RECORDS FOR THIS TASK START
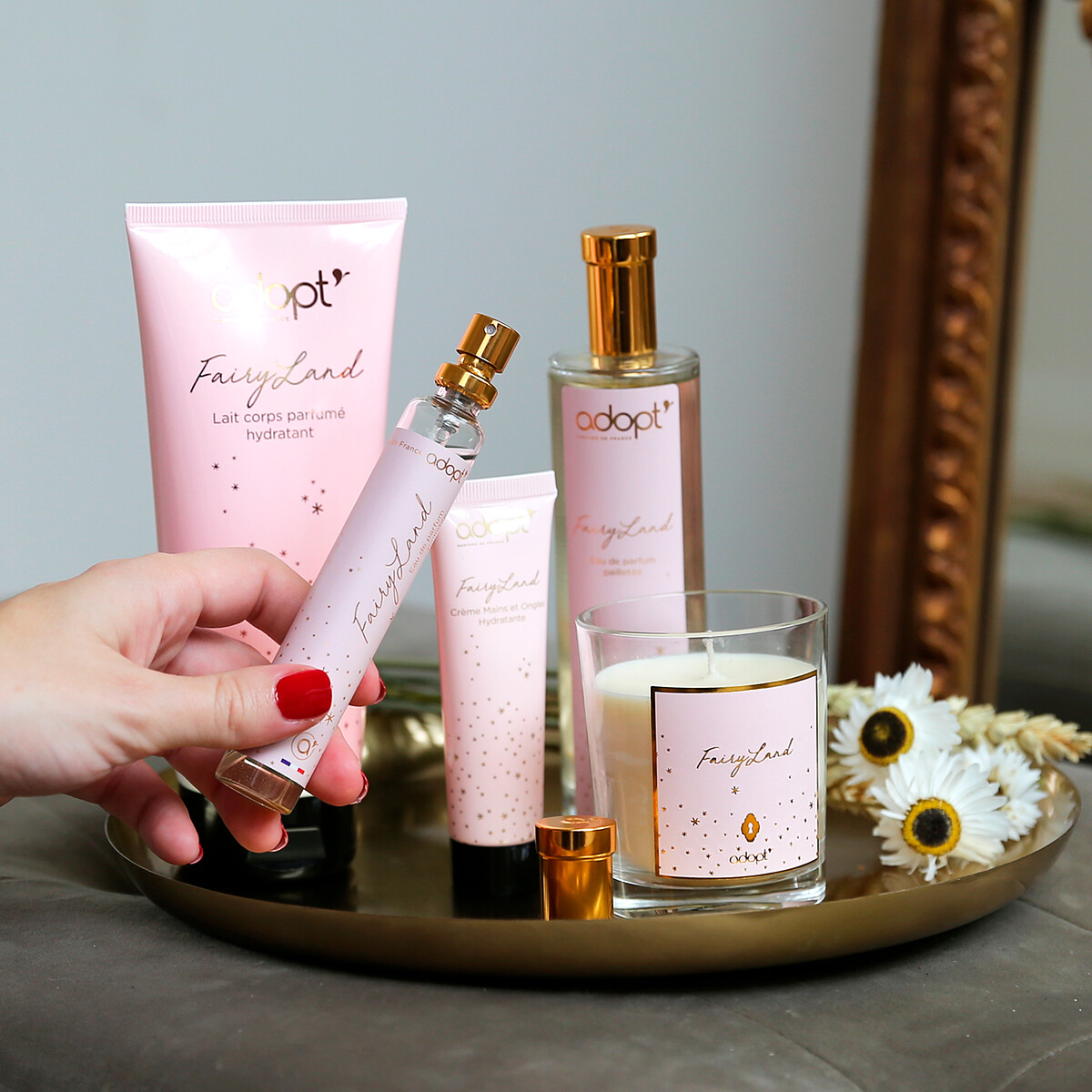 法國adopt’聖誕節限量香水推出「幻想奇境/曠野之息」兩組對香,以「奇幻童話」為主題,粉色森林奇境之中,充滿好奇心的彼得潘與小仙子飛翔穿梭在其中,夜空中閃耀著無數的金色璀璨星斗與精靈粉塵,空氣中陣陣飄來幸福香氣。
RECORDS FOR THIS TASK END
RECORDS FOR THIS TASK START
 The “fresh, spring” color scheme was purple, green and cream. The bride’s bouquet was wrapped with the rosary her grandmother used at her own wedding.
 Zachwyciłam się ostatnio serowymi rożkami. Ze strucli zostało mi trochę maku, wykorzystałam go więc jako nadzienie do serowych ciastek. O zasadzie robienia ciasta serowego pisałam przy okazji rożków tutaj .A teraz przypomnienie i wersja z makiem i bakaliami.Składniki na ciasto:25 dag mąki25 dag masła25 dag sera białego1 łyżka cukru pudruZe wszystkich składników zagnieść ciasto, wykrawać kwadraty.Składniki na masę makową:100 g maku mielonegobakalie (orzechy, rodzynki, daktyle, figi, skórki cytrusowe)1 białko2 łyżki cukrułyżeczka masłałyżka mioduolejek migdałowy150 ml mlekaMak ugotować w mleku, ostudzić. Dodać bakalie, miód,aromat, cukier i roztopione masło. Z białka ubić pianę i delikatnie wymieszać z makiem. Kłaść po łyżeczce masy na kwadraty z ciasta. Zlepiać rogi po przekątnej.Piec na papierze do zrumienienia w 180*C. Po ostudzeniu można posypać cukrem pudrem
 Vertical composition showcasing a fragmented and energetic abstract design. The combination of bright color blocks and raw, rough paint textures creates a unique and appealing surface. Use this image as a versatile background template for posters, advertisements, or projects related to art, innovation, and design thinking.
RECORDS FOR THIS TASK END
## BRIEF
For every line in the data above that has the string "color", return that line.

## YOUR RESPONSE
 The “fresh, spring” color scheme was purple, green and cream. The bride’s bouquet was wrapped with the rosary her grandmother used at her own wedding.
 Vertical composition showcasing a fragmented and energetic abstract design. The combination of bright color blocks and raw, rough paint textures creates a unique and appealing surface. Use this image as a versatile background template for posters, advertisements, or projects related to art, innovation, and design thinking.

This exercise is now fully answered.